Il ruolo dei farmacisti nel controllo della pressione nella malattia renale cronica

L’ipertensione e la malattia renale cronica sono conosciute come “killer silenziosi” in quanto condizioni asintomatiche e fattori di rischio per patologie cardiovascolari, ictus, insufficienza renale, disabilità varie e morte prematura. Il raggiungimento di un target ideale di pressione sanguigna può ridurre enormemente il rischio associato a malattia renale cronica. Nella meta-analisi di Nakanishi et al pubblicata lo scorso agosto sulla rivista scientifica Journal of clinical pharmacy and therapeutics, i ricercatori hanno valutato l’impatto dell’intervento del farmacista sul controllo della pressione arteriosa e l’utilità del telemonitoraggio domiciliare della pressione.
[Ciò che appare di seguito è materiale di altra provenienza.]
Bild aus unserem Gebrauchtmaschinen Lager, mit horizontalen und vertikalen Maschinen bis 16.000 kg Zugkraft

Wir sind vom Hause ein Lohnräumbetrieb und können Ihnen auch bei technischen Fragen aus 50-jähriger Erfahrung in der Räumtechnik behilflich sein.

Studi precedenti avevano indagato l’efficacia di vari metodi di assistenza a soggetti adulti affetti da ipertensione e malattia renale cronica che coinvolgevano team composti da farmacisti e infermieri. Gli scopi erano raggiungere una stretta collaborazione tra i membri dello staff medico, rendere ottimali i trattamenti farmacologici e assicurare l’aderenza del paziente alle terapie proposte. Da queste analisi è emerso come i farmacisti giochino un ruolo chiave nel controllo del regime terapeutico. Porre degli obiettivi di pressione sanguigna è essenziale nella gestione dell’ipertensione e il rilevamento a lungo termine dei valori pressori sarebbe bene includesse il telemonitoraggio a domicilio. In questo contesto, l’intervento del farmacista è risultato particolarmente efficace, anche nel fornire consulenze sullo stile di vita da adottare. Fino alla pubblicazione dello studio in oggetto, non esisteva alcuna analisi che valutasse in maniera specifica l’entità dell’intervento del farmacista nella gestione della pressione arteriosa in pazienti con malattia renale cronica.
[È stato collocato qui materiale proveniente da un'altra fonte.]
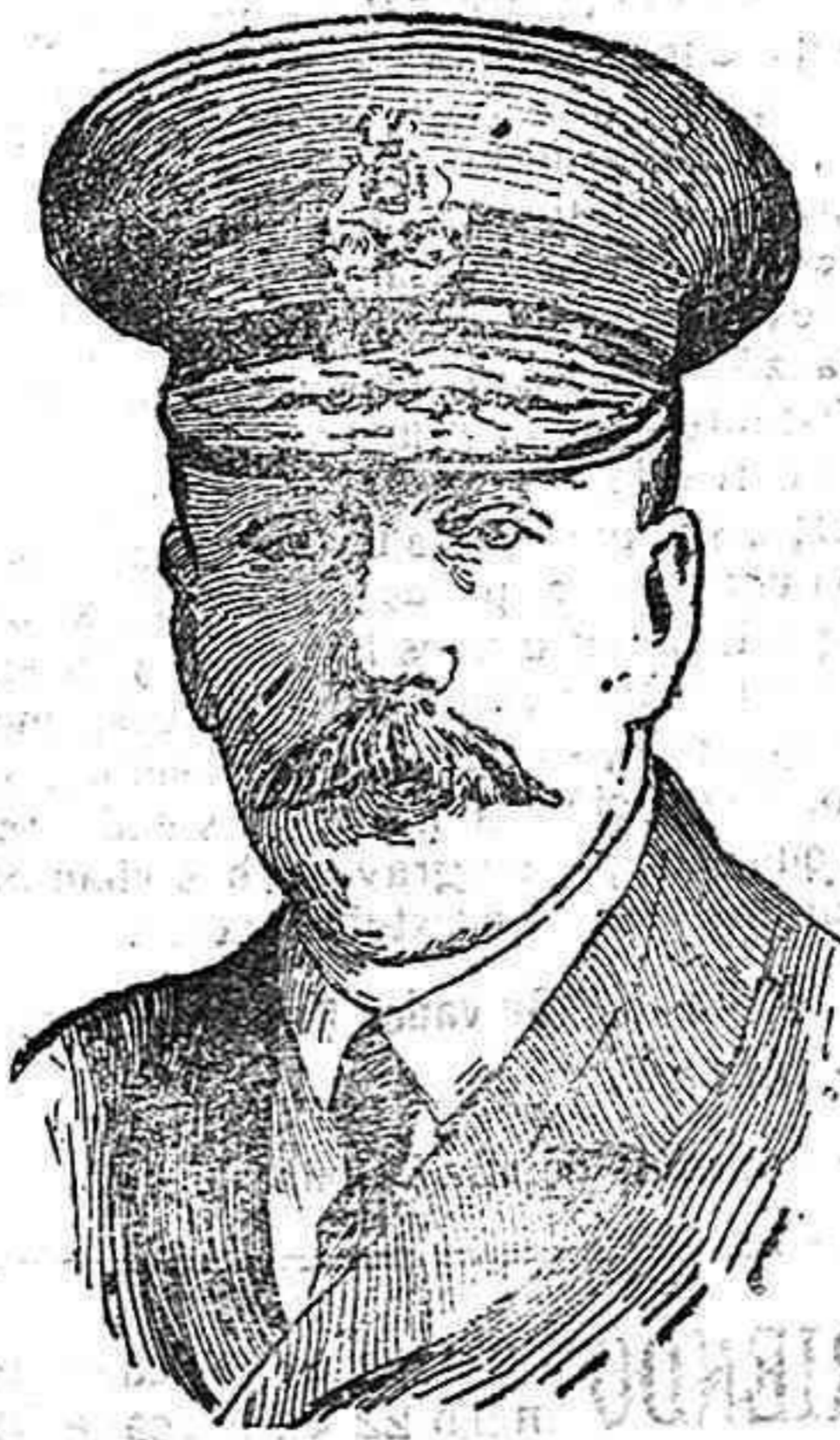
General irlandés STANLEY MANDE, comandante en jefe de las tropas anglo-indias de Mesopotamia que se han apoderado de Bagdad.

La presente meta-analisi è stata condotta nel maggio 2020 effettuando una ricerca all’interno di cinque database. Su PubMed/Medline, Scopus, Embase e Cochrane library e utilizzando Google scholar come ulteriore fonte sono stati cercati gli articoli pubblicati tra il gennaio 1972 e il marzo 2019. Per individuare i trial controllati randomizzati riguardanti gli interventi dei farmacisti nel controllo della pressione arteriosa in pazienti adulti ipertesi affetti da patologia renale, la ricerca ha incluso i termini “malattia renale cronica”, “farmacista”, “pressione sanguigna” e “trial controllato randomizzato”. Gli studi rilevanti sono stati passati in rassegna e selezionati da due farmacisti con esperienza nella farmacoterapia della malattia renale. Nella meta-analisi sono stati inclusi sei trial controllati randomizzati per un totale di 2573 pazienti con un’età media di 66 anni e per il 63.9% di sesso maschile. Quattro studi sono stati condotti in una clinica di cure primarie e due in un ambulatorio medico situati negli Stati Uniti.

È risaltato come l’assistenza del farmacista associata al telemonitoraggio a domicilio della pressione sanguigna abbia portato ad un miglioramento significativo nel controllo della pressione in questi gruppi di soggetti con pluripatologie, ad alto rischio per eventi cardiovascolari. Inoltre, l’automonitoraggio del paziente attraverso l’uso di strumenti di telemedicina a seguito delle spiegazioni del farmacista potrebbe accrescere la capacità del paziente stesso di gestire la propria condizione. Per garantire la qualità dell’intervento, dovrebbe essere prevista una formazione appropriata per i farmacisti coinvolti.